McCallum Richard, Lin Zhiyue, Wetzel Paul, Sarosiek Irene, Forster Jameson

机构信息

Department of Medicine, Mail stop: 1058, University of Kansas Medical Center, 3901 Rainbow Blvd, Kansas City, KS 66160, USA.

出版信息

Clin Gastroenterol Hepatol. 2005 Jan;3(1):49-54. doi: 10.1016/s1542-3565(04)00605-6.

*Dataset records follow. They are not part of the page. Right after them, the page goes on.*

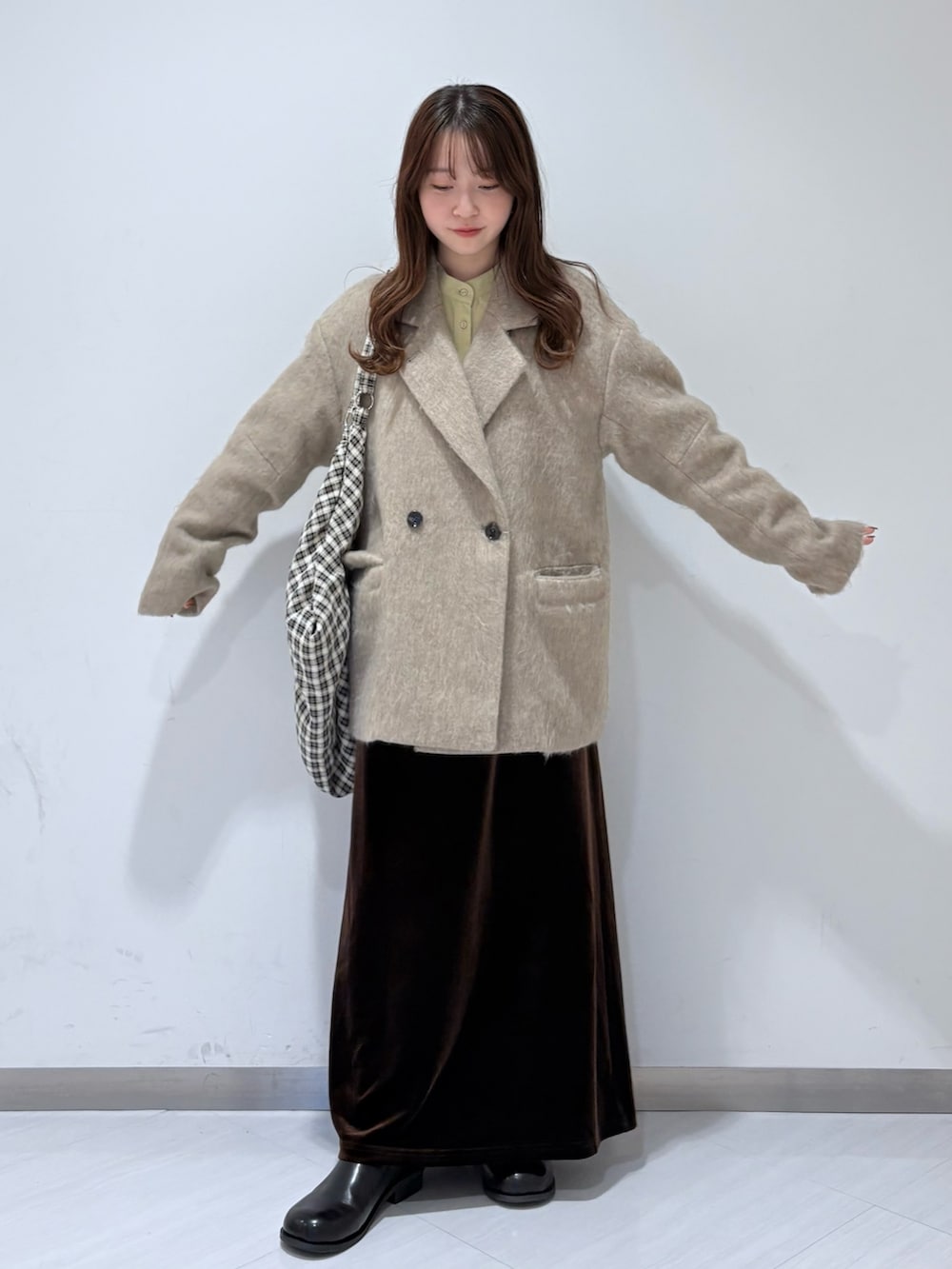 ベロアのスカートは身長152センチでウエスト折り返して着用しています!
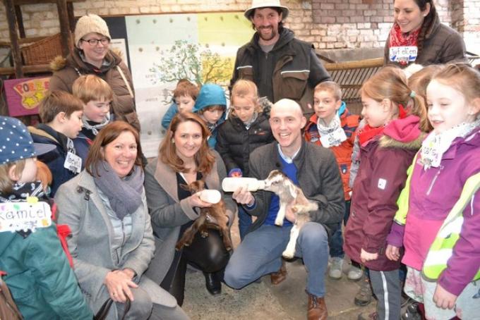 De voorzitter liet hielp even mee bij het geven van een flesje melk aan twee jonge geitjes. Ook de plaatselijke fractieleider voor Open VLD, Bert Schelfhout, kreeg die opdracht.
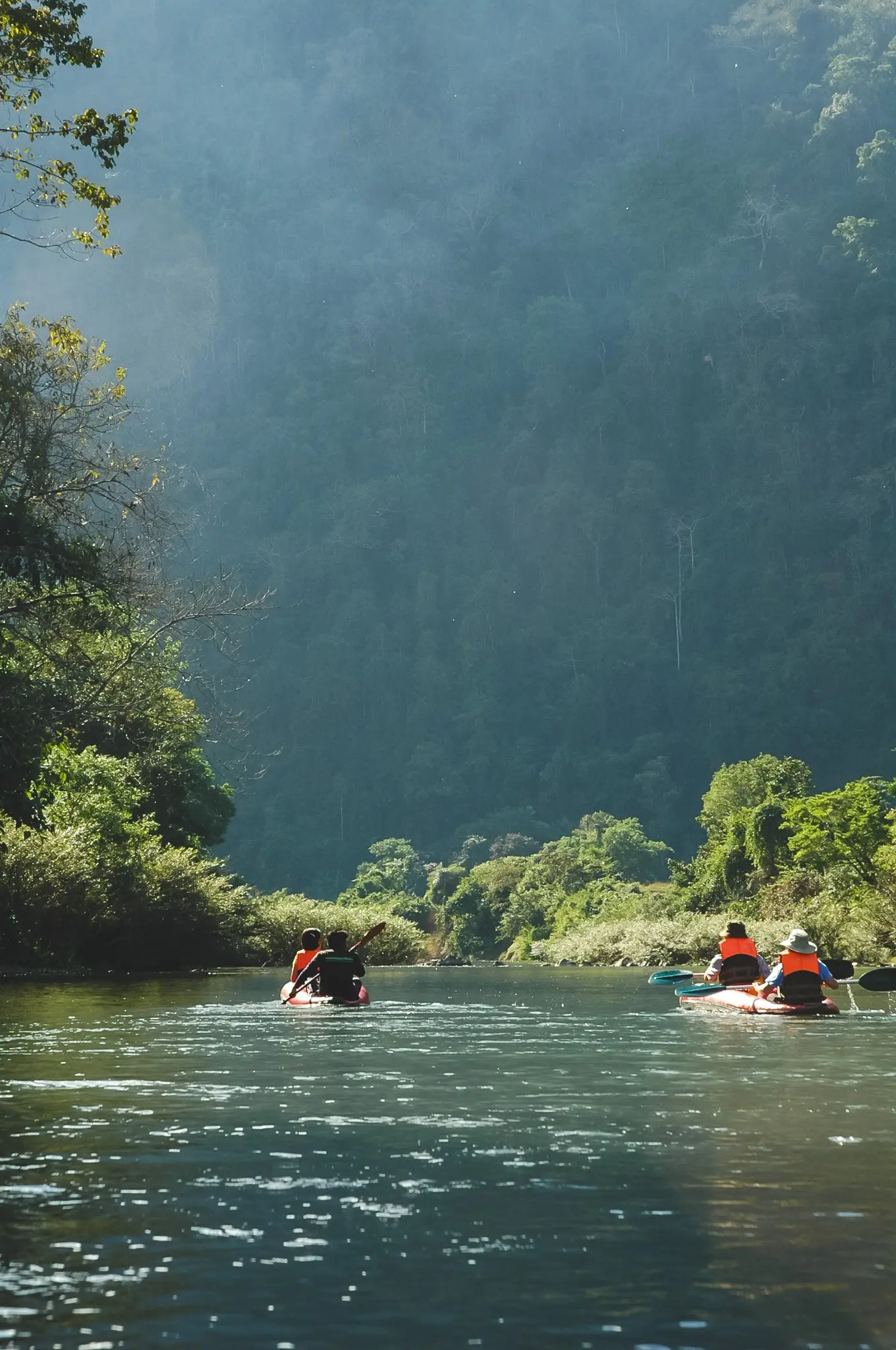 Continuing the adventure, arrive at Tham Nam (Water Cave), where a refreshing natural spring pool awaits. Take a dip in the cool, crystal-clear waters—perfect for swimming and unwinding after your cave exploration.
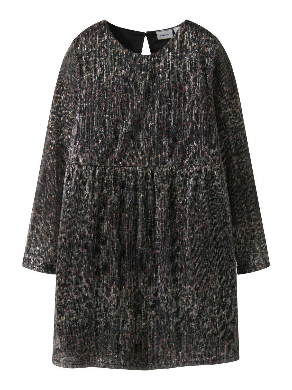 Super smuk kjole fra Name It i beige med fint blomsterprint over det hele. Kjolen har elastiske manchetter, knap og løkkelukning bagpå og er lav i taljen.
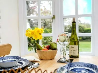 Rose cottage is charming single storey stone built semi-detached cottage with lovely views from it’s bay window of the garden and the Exmoor hills beyond. It has a long living room with comfortable sitting and dining areas, a double bedroom, bathroom with shower over and a separate kitchen. It has it’s own entrance and electric convector heating throughout. There are outdoor chairs and a table on the lawn in front of the Cottage.We do not permit dogs in the cottage while they are allowed in most of the Lodges. Parking is available around 50 metres away along a level pathway, the owners are always happy to help with luggage if necessary.
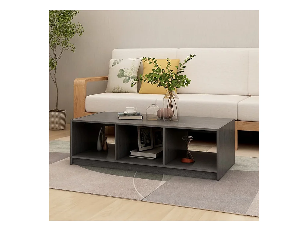 Mesa de centro de madera maciza de pino gris 110x50x40 cm ES55278
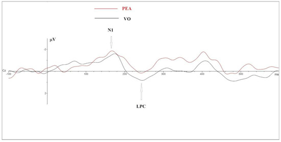 Cz–Grand Average comparison between OERP components elicited during phenylethyl alcohol (PEA) (red line) and Vaseline Oil (black line).
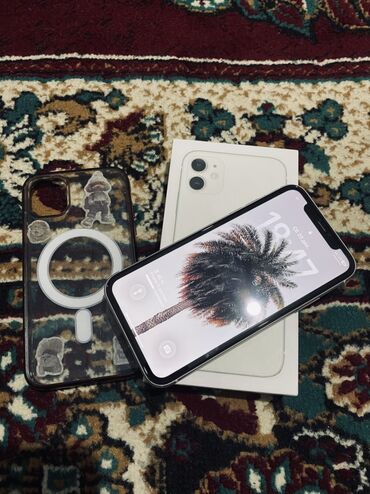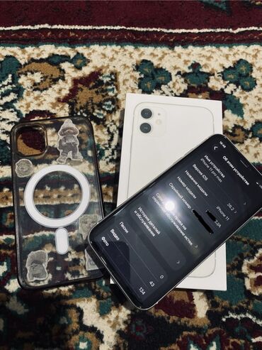 IPhone 11, белый цвет. Комплектация на фото: смартфон, фирменная коробка, прозрачный чехол с кольцом MagSafe-совместимой формы.
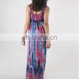 New Women Front Flower Printed Sleeveless Maxi Long Dress
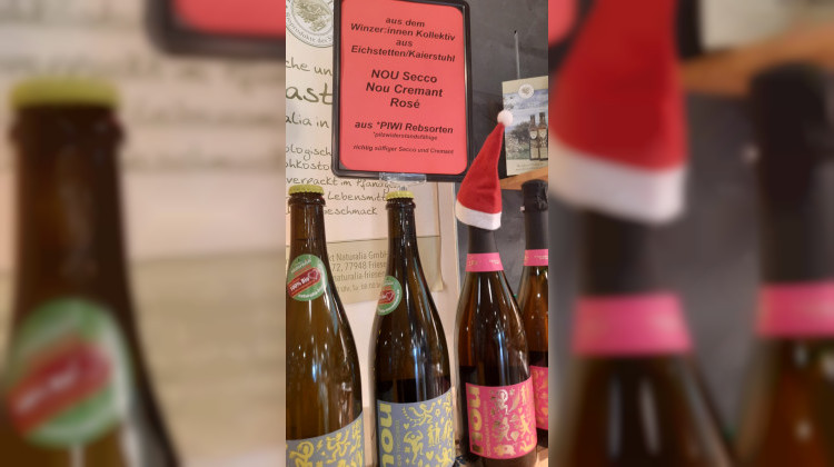 Der Naturalia Biomarkt führt Secco und Crémant aus dem Winzerkollektiv in Eichstetten am Kaiserstuhl. Die Weine tragen den Namen NOU. Sie stammen aus PIWI Rebsorten. Diese Sorten gelten als robust und eignen sich gut für den ökologischen Anbau. Die Produkte sind fruchtig und klar im Geschmack.
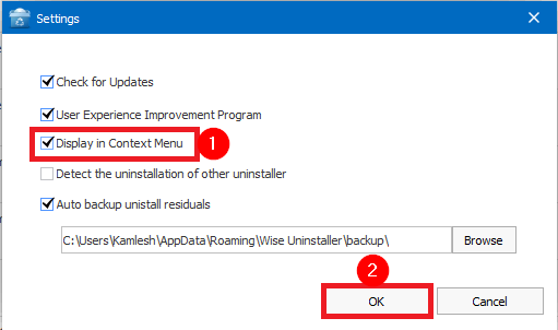 Desde la configuración del desinstalador de programas Wise, puede integrar este programa para hacer clic con el botón derecho en el menú contextual para desinstalar el programa de escritorio de su PC rápidamente. Para hacerlo, acceda a la Configuración del desinstalador de programas Wise, marque la casilla de verificación “Mostrar en el menú contextual” y luego haga clic en el botón Aceptar.
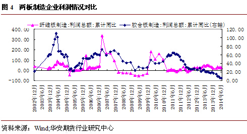 2012年以前,兩板制造企業的利潤情況基本處於寬幅震盪格局。期間波峰時膠合板制造利潤累計同比甚至達到近400%,而纖維板制造利潤累計同比也曾超越100%,板材生產利潤豐厚。但2012年以來,情況發生了明顯變化,國內需求的增長導致供應缺口擴大,板材生產企業進口原木和鋸材量快速增加,旺盛的需求刺激國際木材價格走高,導致占據膠合板成本近70%的生產企業壓力驟增。而受制於房地產調控政策影響,成本向下游傳導受阻,同時由於全國分布著大量的中小企業和作坊,產能分散,競爭激烈,膠合板制造企業利潤受到嚴重擠壓,利潤率持續下滑。纖維板雖然近年來受木材價格上升影響有限,但人工成本快速增加,也導致其生產利潤處於低位。這樣的格局或許需要行業重新洗牌、淘汰落后產能才能打破,而兩板期貨的上市或有助於加速這一進程。
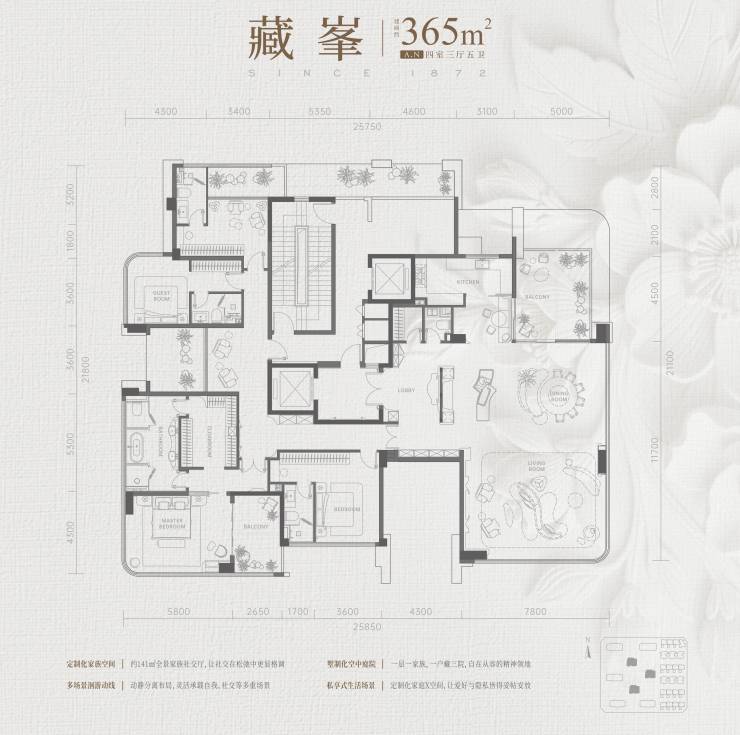 5.户型设计优越:有建面约245-365㎡的大平层和仅22套的定制合院。大平层户型设计豪华,如私家电梯、独立玄关、超100㎡家族社交厅等配置齐全,还通过奇数层偶数层差异化设置,引入两层通高的空中院馆“光合庭院”,实现270度景观视野。
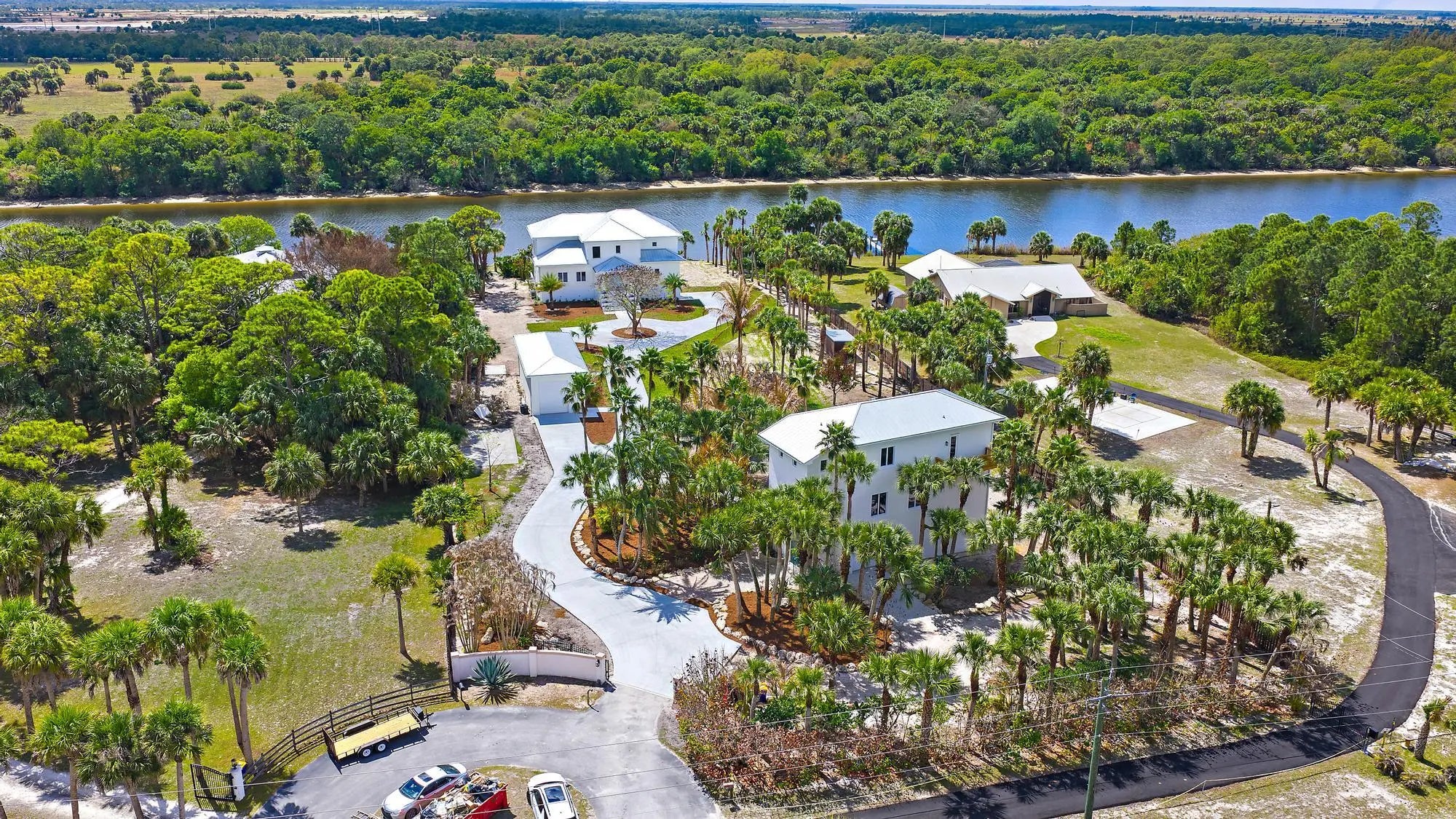 A rare offering in Palm City! Welcome to an exceptional Waterfront Estate, where privacy, space and coastal living come together on over 2 plus acres of Lush Tropical Beauty. This expansive residence offers more than 8,000 sf of living space, featuring 6 bed, 8.5 bath. The main home features 6,008 Living sf offering 4 bedrooms, 5.5 bathrooms plus a 3.5 garage. Home is designed for comfort and entertaining. The guest house featuring 2,197 Living sf offering 2 bed, 3 bath and a 1 car garage. Outdoors, enjoy a true Florida Lifestyle with a private dock with boat access to the Ocean and Gulf. A detached oversized 900 sq ft garage for boats and RVs. Home offers Luxury Bath Features, Custom Finishes, Elevator access for convenience, Luxury Kitchen Appliances. Pool not included but can be added. Final touches are still being completed.
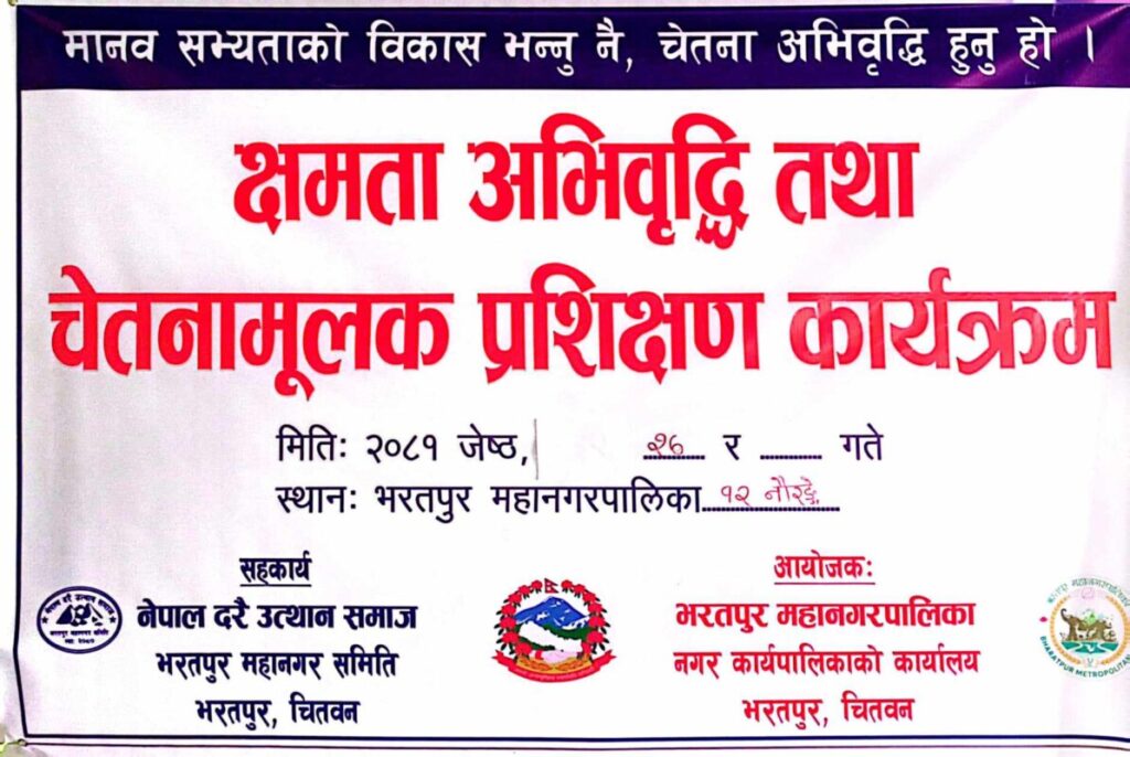 भरतपुर , २७ जेठ । भरतपुर महानगरपालिकाको आयोजना तथा नेपाल दरै उत्थान समाज भरतपुर महानगर समितिको सहकार्यमा आइतबार भरतपुरमा दुई दिने क्षमता अभिबृद्वी तथा चेतनामूलक प्रशिक्षण कार्यक्रम शुरु भएको छ ।

DOI:10.1016/s1542-3565(04)00605-6
PMID:15645404
Abstract

BACKGROUND & AIMS: The aim of this study was to report the long-term clinical response to high-frequency gastric electrical stimulation (GES) in 16 patients with postsurgical gastroparesis who failed standard medical therapy.

METHODS

Clinical data collected at baseline and after 6 and 12 months of GES included (1) severity and frequency of 6 upper gastrointestinal (GI) symptoms by using a 5-point symptom interview questionnaire and total symptom score, (2) health-related quality of life including physical composite score and mental composite score, (3) 4-hour standardized gastric emptying of a solid meal by scintigraphy, and (4) nutritional status.

RESULTS

The severity and frequency of all 6 upper GI symptoms, total symptom score, physical composite score, and mental composite score were significantly improved after 6 months and sustained at 12 months ( P < .05). All patients had delayed gastric emptying at baseline. Gastric emptying was not significantly faster at 12 months, although 3 normalized. At implantation, 7 of 16 patients required nutritional support with a feeding jejunostomy tube; after GES, 4 were able to discontinue jejunal feeding. The mean number of hospitalization days was significantly reduced by a mean 25 days compared with the prior year. One patient had the device removed after 12 months because of infection around the pulse generator.

CONCLUSIONS

Long-term GES significantly improved upper GI symptoms, quality of life, the nutritional status, and hospitalization requirements of patients with postsurgical gastroparesis. Although vagal nerve damage or disruption was part of the underlying pathophysiology, GES therapy was still effective and is a potential treatment option for the long-term management of postsurgical gastroparesis. A controlled clinical trial of GES for PSG patients (who are refractory to medical therapy) is indicated given these encouraging results.

摘要

背景与目的

本研究旨在报告16例标准药物治疗无效的术后胃轻瘫患者接受高频胃电刺激(GES)后的长期临床反应。

方法

在GES治疗前及治疗6个月和12个月后收集的临床数据包括:(1)采用5分症状访谈问卷评估6种上消化道(GI)症状的严重程度和频率以及总症状评分;(2)健康相关生活质量,包括身体综合评分和心理综合评分;(3)通过闪烁扫描法测定固体餐4小时标准化胃排空情况;(4)营养状况。

结果

6种上消化道症状的严重程度和频率、总症状评分、身体综合评分和心理综合评分在6个月后均显著改善,并在12个月时维持改善状态(P <.05)。所有患者在基线时均存在胃排空延迟。尽管有3例患者胃排空恢复正常,但在12个月时胃排空并未显著加快。植入时,16例患者中有7例需要通过空肠造口喂养管进行营养支持;GES治疗后,4例患者能够停止空肠喂养。与上一年相比,平均住院天数显著减少,平均减少25天。1例患者在12个月后因脉冲发生器周围感染而取出装置。

结论

长期GES显著改善了术后胃轻瘫患者的上消化道症状、生活质量、营养状况和住院需求。尽管迷走神经损伤或中断是潜在病理生理学的一部分,但GES治疗仍然有效,是术后胃轻瘫长期管理的一种潜在治疗选择。鉴于这些令人鼓舞的结果,建议对药物治疗无效的PSG患者进行GES对照临床试验。